### Task description
For any picture in the lines below, please leave it out and copy the rest exactly.

### Material to process

• • • • • • •

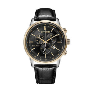 皮革表带,皮质柔软细腻,亲和肌肤,佩戴舒适。金色表圈、时标和指针搭配黑色三眼表镜,优雅稳重,彰显成功男士成熟气质。
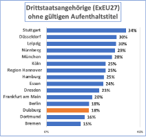 Auch der Anteil der Menschen ohne Aufenthaltstitel unterscheidet sich erheblich. Während in Stuttgart jeder Dritte gemeldete Drittstaatler nicht über einen Aufenthaltstitel verfügt, ist es in Bremen nur jeder Sechste oder Siebte.
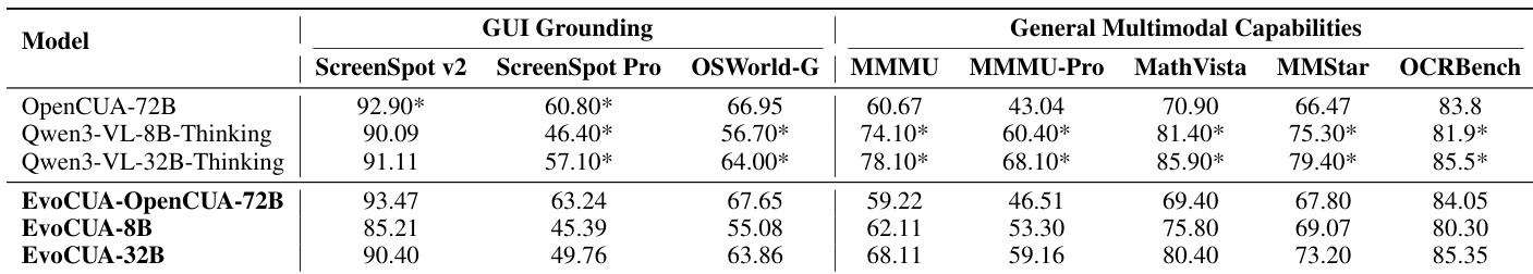 The authors evaluate EvoCUA's performance on offline grounding and general multimodal capabilities, showing that the EvoCUA-32B variant experiences a decline in specific metrics like ScreenSpot-Pro and MMMU compared to the Qwen3-VL-32B-Thinking baseline, primarily due to a mismatch in data distribution and patterns. In contrast, EvoCUA-72B maintains or slightly improves performance across benchmarks, confirming the effectiveness of the training strategy when the base model's data distribution is aligned.
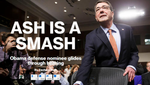 Covering Obama Defense Secretary nominee Ash Carter's Senate confirmation hearing today, MSNBC.com writer Zachary Roth painted a picture of a man who is gliding along smoothly into his post as the new Pentagon chief. But completely omitted from his story was any mention of Carter's rambling non-answer to Sen. John McCain's inquiry as to what Carter understands Obama administration strategy for…
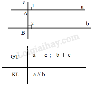 c) Giả sử có 2 đường thẳng phân biệt a,b cùng vuông góc với một đường thẳng c.
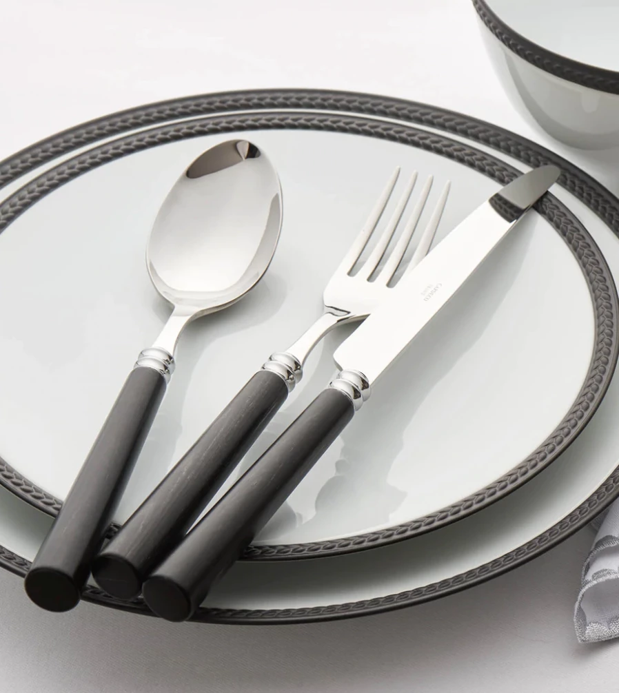 Marat Black Wood flatware by Capdeco, has a chic contemporary design with straight lines and a crisp form. The classically modern design of Marat will pair well with an array of dinnerware and glassware . This collection is versatile and timeless, allowing you to reinvent and reinvigorate your personal style at whim.
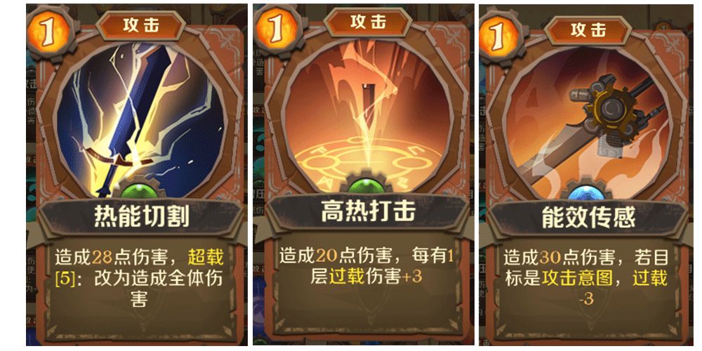 推荐“热能切割”、“高热打击”和“能效传感”,都是一费的超高伤害牌
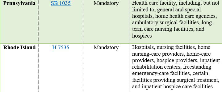 As with Ryan’s Law in California, these proposed and enacted state laws do not include strict enforcement mechanisms. The laws are silent on private rights of action for patients and do not specify penalties for non-compliance. Moreover, most of these bills explicitly provide that compliance with the medical cannabis provisions shall not be a condition for obtaining, retaining, or renewing a license as a health care facility.
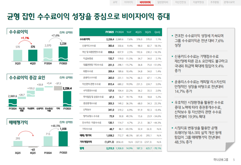 • 2025년 연간 그룹 수수료이익은 2조 2,264억 원(YoY +7.6%)
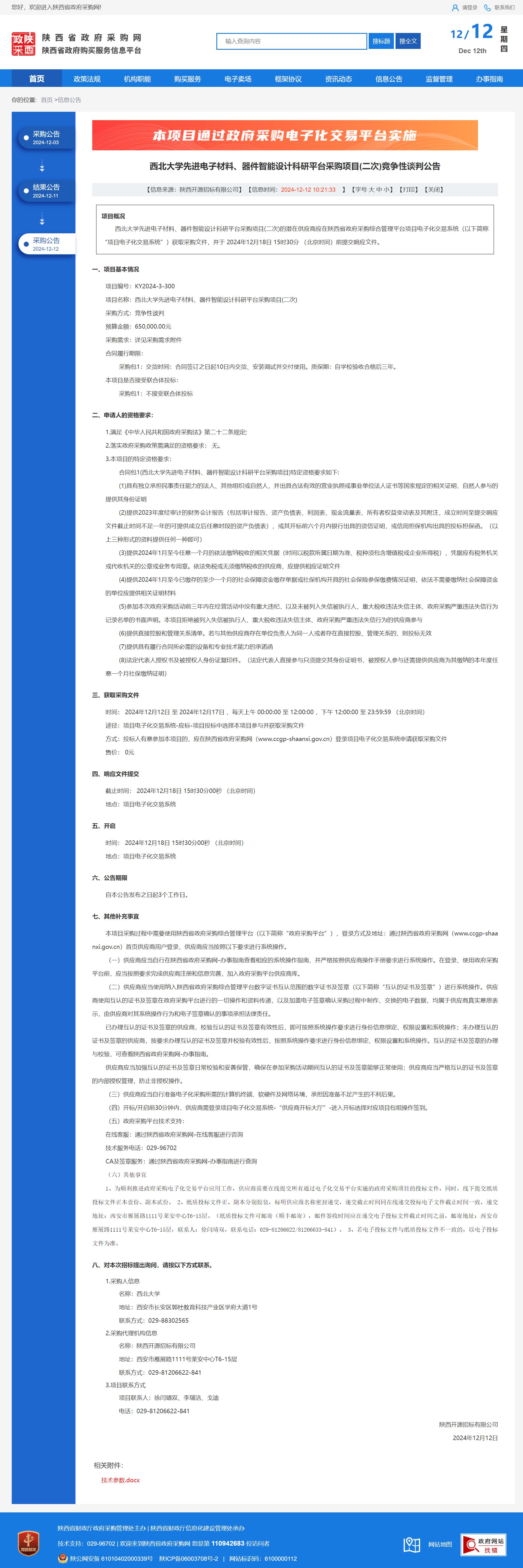 古天乐代言太阳集团城网址先进电子材料、器件智能设计科研平台采购项目(二次)竞争性谈判公告

• • • • • • •

### Solution for this task
 皮革表带,皮质柔软细腻,亲和肌肤,佩戴舒适。金色表圈、时标和指针搭配黑色三眼表镜,优雅稳重,彰显成功男士成熟气质。
 Auch der Anteil der Menschen ohne Aufenthaltstitel unterscheidet sich erheblich. Während in Stuttgart jeder Dritte gemeldete Drittstaatler nicht über einen Aufenthaltstitel verfügt, ist es in Bremen nur jeder Sechste oder Siebte.
 The authors evaluate EvoCUA's performance on offline grounding and general multimodal capabilities, showing that the EvoCUA-32B variant experiences a decline in specific metrics like ScreenSpot-Pro and MMMU compared to the Qwen3-VL-32B-Thinking baseline, primarily due to a mismatch in data distribution and patterns. In contrast, EvoCUA-72B maintains or slightly improves performance across benchmarks, confirming the effectiveness of the training strategy when the base model's data distribution is aligned.
 Covering Obama Defense Secretary nominee Ash Carter's Senate confirmation hearing today, MSNBC.com writer Zachary Roth painted a picture of a man who is gliding along smoothly into his post as the new Pentagon chief. But completely omitted from his story was any mention of Carter's rambling non-answer to Sen. John McCain's inquiry as to what Carter understands Obama administration strategy for…
 c) Giả sử có 2 đường thẳng phân biệt a,b cùng vuông góc với một đường thẳng c.
 Marat Black Wood flatware by Capdeco, has a chic contemporary design with straight lines and a crisp form. The classically modern design of Marat will pair well with an array of dinnerware and glassware . This collection is versatile and timeless, allowing you to reinvent and reinvigorate your personal style at whim.
 推荐“热能切割”、“高热打击”和“能效传感”,都是一费的超高伤害牌
 As with Ryan’s Law in California, these proposed and enacted state laws do not include strict enforcement mechanisms. The laws are silent on private rights of action for patients and do not specify penalties for non-compliance. Moreover, most of these bills explicitly provide that compliance with the medical cannabis provisions shall not be a condition for obtaining, retaining, or renewing a license as a health care facility.
 • 2025년 연간 그룹 수수료이익은 2조 2,264억 원(YoY +7.6%)
 古天乐代言太阳集团城网址先进电子材料、器件智能设计科研平台采购项目(二次)竞争性谈判公告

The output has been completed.